Here runif() a random number generator which returns uniformly distributed value. We assume that the t1 as a random value, uniformly distributed from the start time (tstart) to end (tend).

Step 2

Computing y1 (an observed variable) from the previous observation:

if event = False:
  y1 = rnorm(1, ystart, sd0)
} else {
  y1 = y2
}

Here rnorm(...) is a random number generator which returns normally distributed values.

Step 3

In order to compute y2 , we need to compute a survival fuction S based on the equations 3, 4 and 5. We then compare the S to the random number, uniformly distributed. If S is larger than that number, than we assume that the event is happened (death of subject or system failure). Otherwise we compute y2 and proceed to the next iteration:

if S > runif(1, 0, 1) : 
    y2 = rnorm(1, m, sqrt(gamma))
    event = True
    new_subject = True
else if event = False:
  y2 = rnorm(1, m, sqrt(gamma))
  event = False
  new_record = True

Discrete-time simulation strategies

In this case we use equal intervals dt between observations and survival function S is computed directly from \(\mu\) (2):

\(S = e^{-1\mu(t_1)}\)

The rest of the discrete simulation routine is the same as in continuous-time simulation case.

References

[1] Woodbury M.A., Manton K.G., Random-Walk of Human Mortality and Aging. Theoretical Population Biology, 1977 11:37-48.

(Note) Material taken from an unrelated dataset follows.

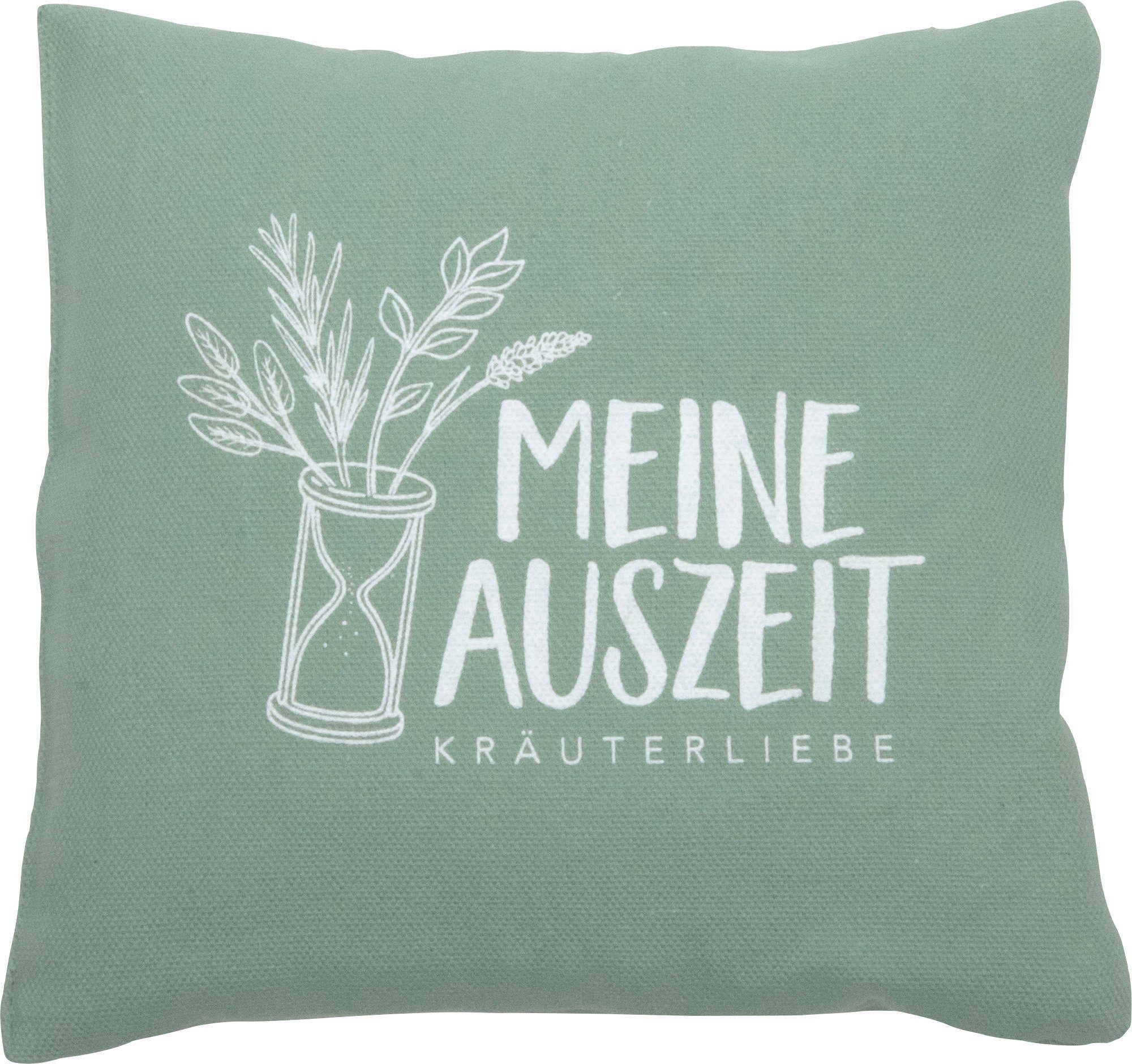 Herbalind Kräuterkissen "Auszeit". Holen Sie sich die Kraft der Natur ins Haus. Dieses Entspannungskissen hat einen robusten Baumwoll-Canvas-Bezug, der mit einem Schriftzug bedruckt ist. Seine Kräuterfüllung verbreitet ein aromatisches Dufterlebnis in Ihrem Ambiente. Denn zusätzlich zu Schafschurwolle und Dinkelspelz enthält es eine Kräutermischung, bestehend ausThymian, Salbei, Lavendel, Pfefferminz, Eukalyptus, Hopfenzapfen, Kamille, Anis, Fenchel und Steinkleekraut. Diese kann durch ihre beruhigende Wirkung beim Relaxen oder Einschlafen hilfreich sein. Dazu wird das Kissen direkt auf die Brust oder auf das Kopfkissen gelegt. Durch die Körperwärme können sich die ätherischen Öle der Kräuter besonders gut entfalten und auf natürliche Weise positiv auf Ihr Wohlbefinden einwirken. Das Kissen darf nicht erhitzt werden!

[2] Yashin, A.I., Manton K.G., Vaupel J.W. Mortality and aging in a heterogeneous population: a stochastic process model with observed and unobserved varia-bles. Theor Pop Biology, 1985 27.

[3] Yashin, A.I. et al. Stochastic model for analysis of longitudinal data on aging and mortality. Mathematical Biosciences, 2007 208(2) 538-551.

[4] Akushevich I., Kulminski A. and Manton K.: Life tables with covariates: Dynamic model for Nonlinear Analysis of Longitudinal Data. 2005. Mathematical Popu-lation Studies, 12(2), pp.: 51-80.

[5] Yashin, A. et al. Health decline, aging and mortality: how are they related? Biogerontology, 2007 8(3), 291-302.